論文の概要: Unified Perspective on Probability Divergence via Maximum Likelihood
Density Ratio Estimation: Bridging KL-Divergence and Integral Probability
Metrics
- arxiv url: http://arxiv.org/abs/2201.13127v1
- Date: Mon, 31 Jan 2022 11:15:04 GMT
- ステータス: 処理完了
- システム内更新日: 2022-02-01 14:42:08.037651
- Title: Unified Perspective on Probability Divergence via Maximum Likelihood
Density Ratio Estimation: Bridging KL-Divergence and Integral Probability
Metrics
- Title(参考訳): 最大濃度比推定による確率多様性の統一的視点:KL-ダイバージェンスと積分確率測定
- Authors: Masahiro Kato and Masaaki Imaizumi and Kentaro Minami
- Abstract要約: KL分割とIPMはサンプリング方式によってのみ異なる最大確率で表せることを示す。
我々は、KL分割とIPMを補間する、密度比メートル法(DRM)と呼ばれる新しい確率分岐のクラスを提案する。
これらの知見に加えて、DREや生成的敵ネットワークといったDRMの応用についても紹介する。
- 参考スコア(独自算出の注目度): 15.437224275494838
- License: http://arxiv.org/licenses/nonexclusive-distrib/1.0/
- Abstract: This paper provides a unified perspective for the Kullback-Leibler
(KL)-divergence and the integral probability metrics (IPMs) from the
perspective of maximum likelihood density-ratio estimation (DRE).
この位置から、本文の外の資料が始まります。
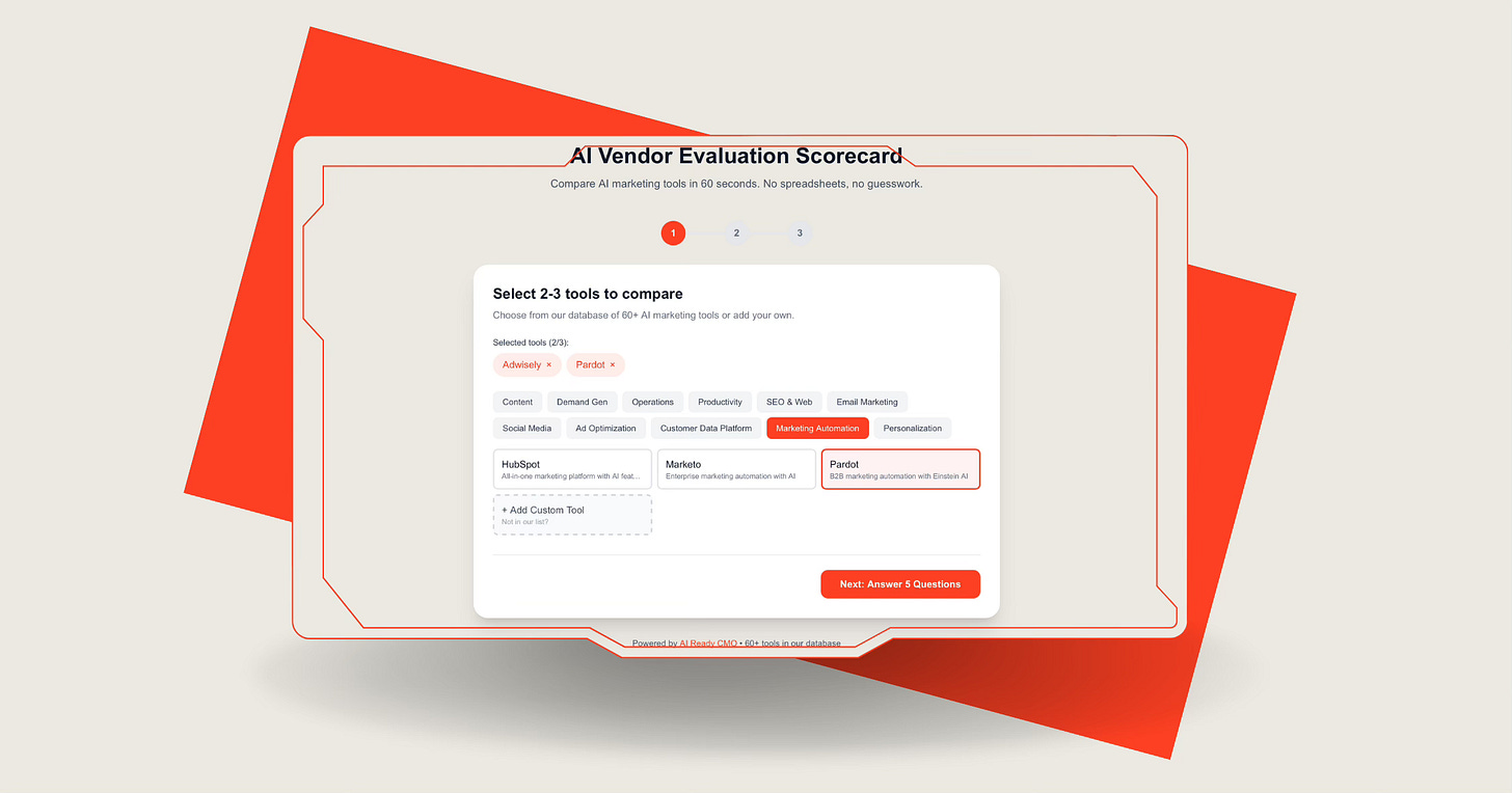 AI Vendor Score gives you apples-to-apples comparisons using the same evaluation framework we use at AI Ready CMO.

Both the
KL-divergence and the IPMs are widely used in various fields in applications
such as generative modeling. However, a unified understanding of these concepts
has still been unexplored. In this paper, we show that the KL-divergence and
the IPMs can be represented as maximal likelihoods differing only by sampling
schemes, and use this result to derive a unified form of the IPMs and a relaxed
estimation method. To develop the estimation problem, we construct an
unconstrained maximum likelihood estimator to perform DRE with a stratified
sampling scheme. We further propose a novel class of probability divergences,
called the Density Ratio Metrics (DRMs), that interpolates the KL-divergence
and the IPMs. In addition to these findings, we also introduce some
applications of the DRMs, such as DRE and generative adversarial networks. In
experiments, we validate the effectiveness of our proposed methods.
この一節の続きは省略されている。